Home > Article > Backend Development > [PHP] A simple and wonderful way to get the length of Chinese string_PHP tutorial
When I was writing the form validation class of the framework tonight, I needed to determine whether the length of a certain string was within a specified range. Naturally, I thought of the strlen function in PHP.
$str = 'Hello world!';
echo strlen($str); // Output 12
However, among the functions that come with PHP, strlen and mb_strlen both calculate the length by calculating the number of bytes occupied by the string. Under different encoding conditions, the number of bytes occupied by Chinese is different. Under GBK/GB2312, Chinese characters occupy 2 bytes, while under UTF-8, Chinese characters occupy 3 bytes.
$str = 'Hello world! ';
echo strlen($str); // Output 12 under GBK or GB2312, output 18 under UTF-8
When we judge the length of a string, we often need to judge the number of characters, not the number of bytes occupied by the string.
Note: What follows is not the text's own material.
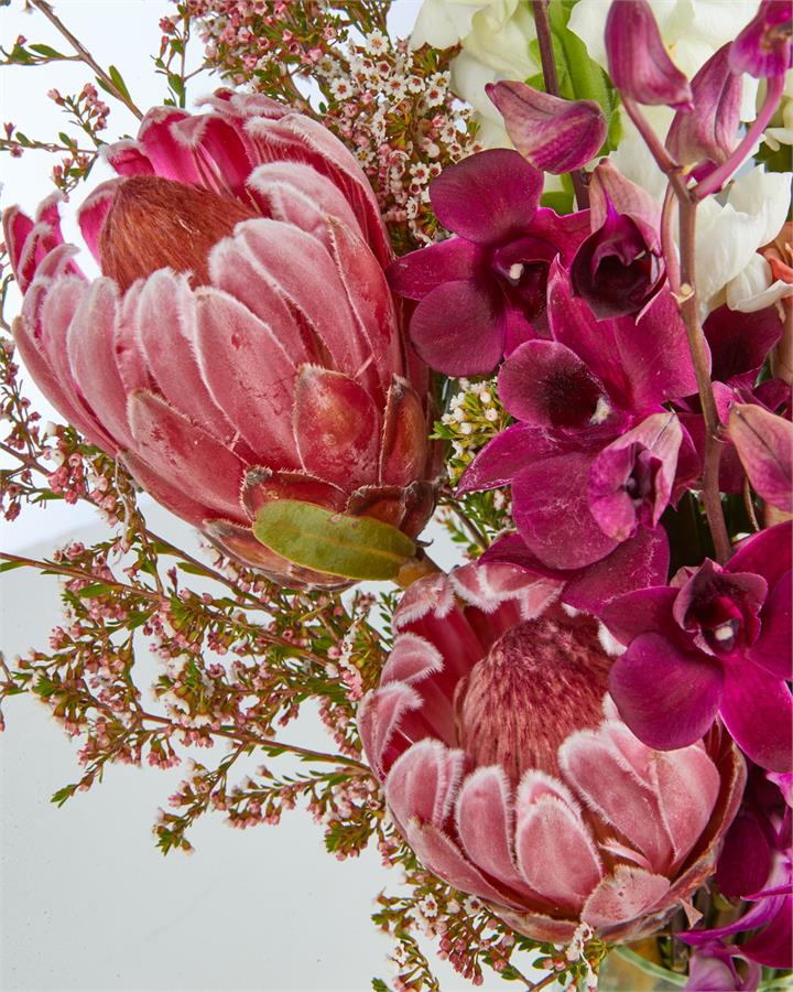 The Kinsale blends the wildflowers and coastal essence of the town from which it gets its name. This design blends wildflower inspired florals of Snapdragons, Thryptomene, Alstroemeria and Carnations with pops of colour from Roses, Proteas and Orchids. This unique blend of flowers comes in our Textured Jade Vase making it perfect for gifting!

For example, this PHP code under UTF-8:
$name = 'Zhang Gengchang';
$len = strlen($name);
// Output FALSE, because three Chinese characters occupy 9 bytes under UTF-8
if($len >= 3 && $len <= 8){
echo 'TRUE';
}else{
echo 'FALSE';
}
So is there any convenient and practical way to get the length of a Chinese string? You can use regular rules to calculate the number of Chinese characters, divide by 2 under GBK/GB2312 encoding, divide by 3 under UTF-8 encoding, and finally add the length of the non-Chinese string, but this is too troublesome, WordPress There is a more beautiful piece of code in , refer to it as follows:
$str = 'Hello, world! ';
preg_match_all('/./us', $str, $match);
echo count($match[0]); // Output 9
The idea is to use regular expressions to split the string into single characters, and directly use count to calculate the number of matching characters, which is the result we want.